6/27/2026 at 10:13:18 PM

It's hilarious that anyone would give a shit about Zuck having a bad attitude about losing board games. Hopefully the book has something more damning than that.

by senordevnyc

6/27/2026 at 10:28:49 PM

The book has plenty of prurient private-jet-boardgame stuff, but also deals directly with facebook's adoption in Myanmar at at time when the inflammatary online speech was directly fuelling ethnic violence against the Rohingya. It covers the inability and possible unwillingness of facebook moderation staff to intervene, including a report that one paid moderator was not effective in their work because their personal views aligned with the regime.

by danhorner

6/27/2026 at 10:42:42 PM

The major allegations are about Meta bringing authoritarians to power while shirking responsibility for making that happen

by ktimespi

6/27/2026 at 11:07:50 PM

It's an indicator of being a fragile personality.
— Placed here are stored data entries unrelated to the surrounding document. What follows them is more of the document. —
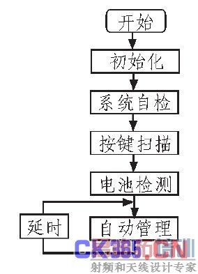 系统的软件由监控程序、自动管理程序、系统自检子程序、电池检测子程序、手工切换中断子程序、按键及数码管扫描子程序等组成。系统开始工作后,首先调用系统自检子程序,若系统或某个模块工作不正常,系统在发出报警声的同时,数码管闪烁显示故障模块代码。若系统及各模块均工作正常,则系统调用电池检测子程序,对系统各电池单体的故障、反接以及空载情况进行检查判断,并同步显示所检测电池单体的位置代码,对检测到的故障电池和反接电池进行指示报警。等所有电池检测完毕,系统自动进入电池自动管理程序,对电池进行自动循环充放电管理。在自动管理程序中,系统先对电池进行放电,放电到终止电压后再进行充电。同时在充电的过程中,利用软件延时,使镍镉充电电池在充电间隙进行短暂放电,从而以脉冲充电方式,有效地提高电池充电效率,最大限度地消除镍镉充电电池可能出现的极化现象。系统工作流程图如图6 所示。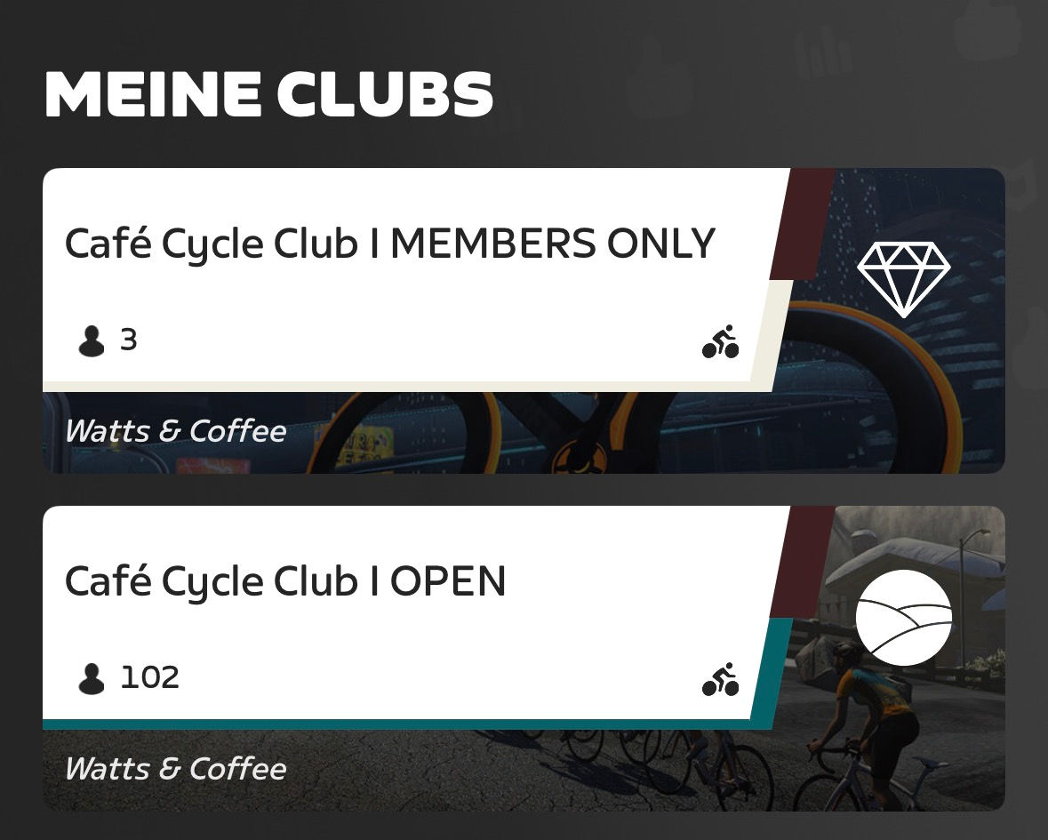Um jenes zu erhalten, was wir bisher hatten, haben wir einen weiteren Zwift-Club erstellt. Er trägt den Namen „Café Cycle Club I MEMBERS ONLY“ Dieser ist exklusiv für euch, also alle, die auch wirklich Member in unserer schönen Community sind. Wir wollen uns dadurch vorbehalten, weiterhin clubinterne Online Rides (z.B. Thrill or Chill, Badge Hunting, Gruppen-Trainings etc. anzubieten). Außerdem werden auch Event-Rides, die wir oder unsere Ride Leader/Gravel Guides verlegen müssen (z.B. aufgrund des Wetters) selbstverständlich in den MEMBERS ONLY Club gepostet.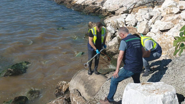 İhbar üzerine harekete geçen ekipler, Yalova Belediyesi'ne ait yağmur suyu deşarj hattından numune aldı.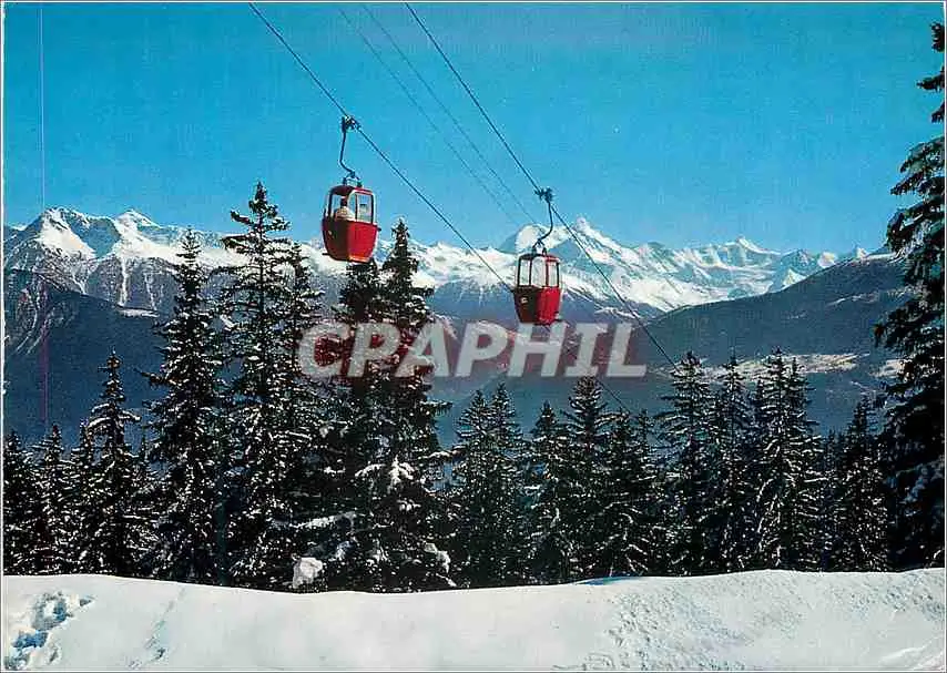 Cartes postales moderne Crans Montana alt m Le telecabine du Grand Signal et le Weisshorn Montana Vermala Vacances Ensol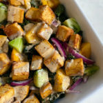 Roasted Tofu Kale Salad with Lemon Poppyseed Dressing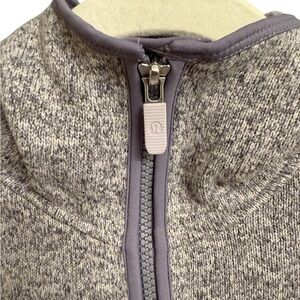 Stay cozy in this iconic Lululemon Scuba Half Zip, known for its thick fleece interior, oversized collar, and athletic fit. This version features a soft heathered grey base with lilac zipper and interior accents.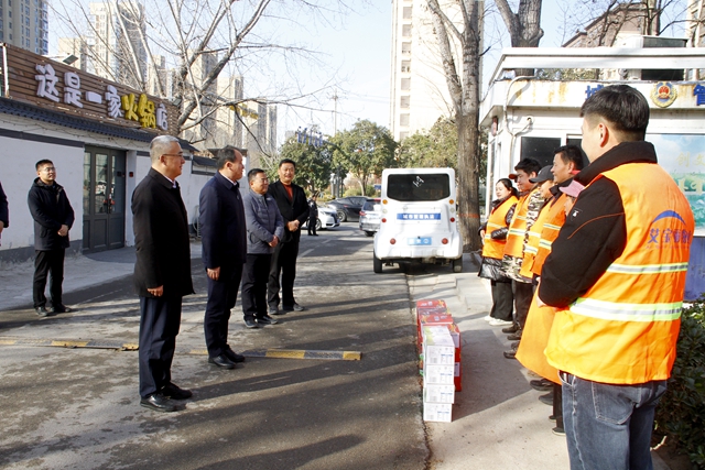 新春将至,2月16日,北辛街道党工委书记夏波,党工委副书记、办事处主任吕长胜带队深入辖区看望春节期间坚守一线干部职工,代表街道党工委、办事处向常年坚守奋战在一线的广大干部职工致以崇高的敬意和节日的问候,并送去慰问物资与新春的美好祝福。北辛街道党工委委员、办事处副主任孔超,便民服务中心主任刘勇,有关片区负责人及相关工作岗分别参加活动。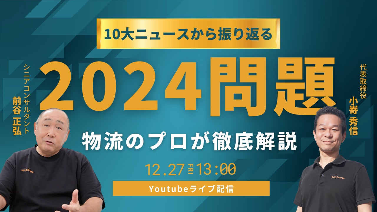 ラストマイル物流に特化した物流ソリューション事業を展開する株式会社エニキャリ(以下エニキャリ)は、「10大ニュースから振り返る2024問題-物流のプロが徹底解説-」と題して、12月27日(金)13時より、YouTubeでライブ配信を行うことをお知らせします。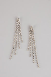 These earrings feature cascading rhinestone strands that catch the light beautifully, making them perfect for pairing with formal looks!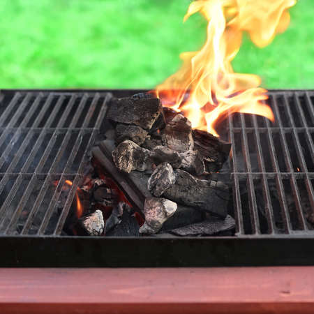 Flaming charcoal in BBQ appliance. Lawn in the background.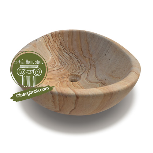 This beautiful sandstone bowl sink boasts elegant veining spans on the surface. The bowl-shaped river wave pattern on the stone sink gives a distinctive touch to the basin. This natural stone basin is not only beautiful but durable as well.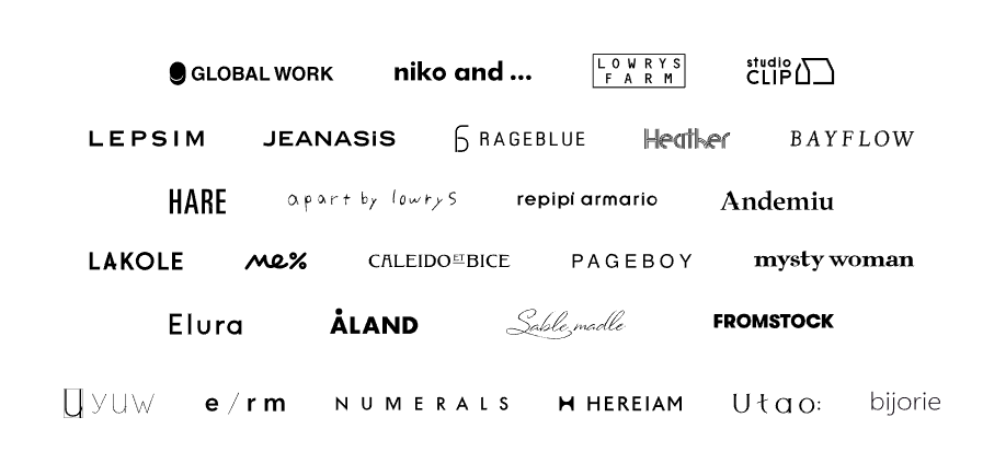 グローバルワーク、ニコアンド、ローリーズファーム、スタディオクリップ、レプシィム、ジーナシス、ベイフロー、ハレ、レイジブルー、ページボーイなどです。

Everyone makes mistakes sometimes; and if you cannot be told you have made a mistake even in a low-stakes situation like a board game, it seems unlikely you will behave appropriately when it is something more expensive and/or damaging.

by ben_w

6/27/2026 at 10:58:49 PM

The Myanmar struggles where Zuck explicitly valued a feature and the approval of the administration over open threats to harm dissidents.

Or the times when he proposed using lower level FB staff as canaries in the coal mine over governments who threatened to arrest FB employees because the company was breaking their laws... and in one case, an employee was. And Zuck wanted to sit on getting him legal help and out of jail because he felt it would get FB positive PR. And when he was gotten out of jail and brought to a company event where he would meet company execs, Zuck was introduced to him, didn't look up from his phone, and in fact asked, while led away, "who was that, again?"

by FireBeyond

6/28/2026 at 12:23:34 AM

Incredibly yucky of Zuckerberg do that. I found it very hard to read through that part.

by ktimespi

6/27/2026 at 10:41:16 PM

> Hopefully the book has something more damning than that.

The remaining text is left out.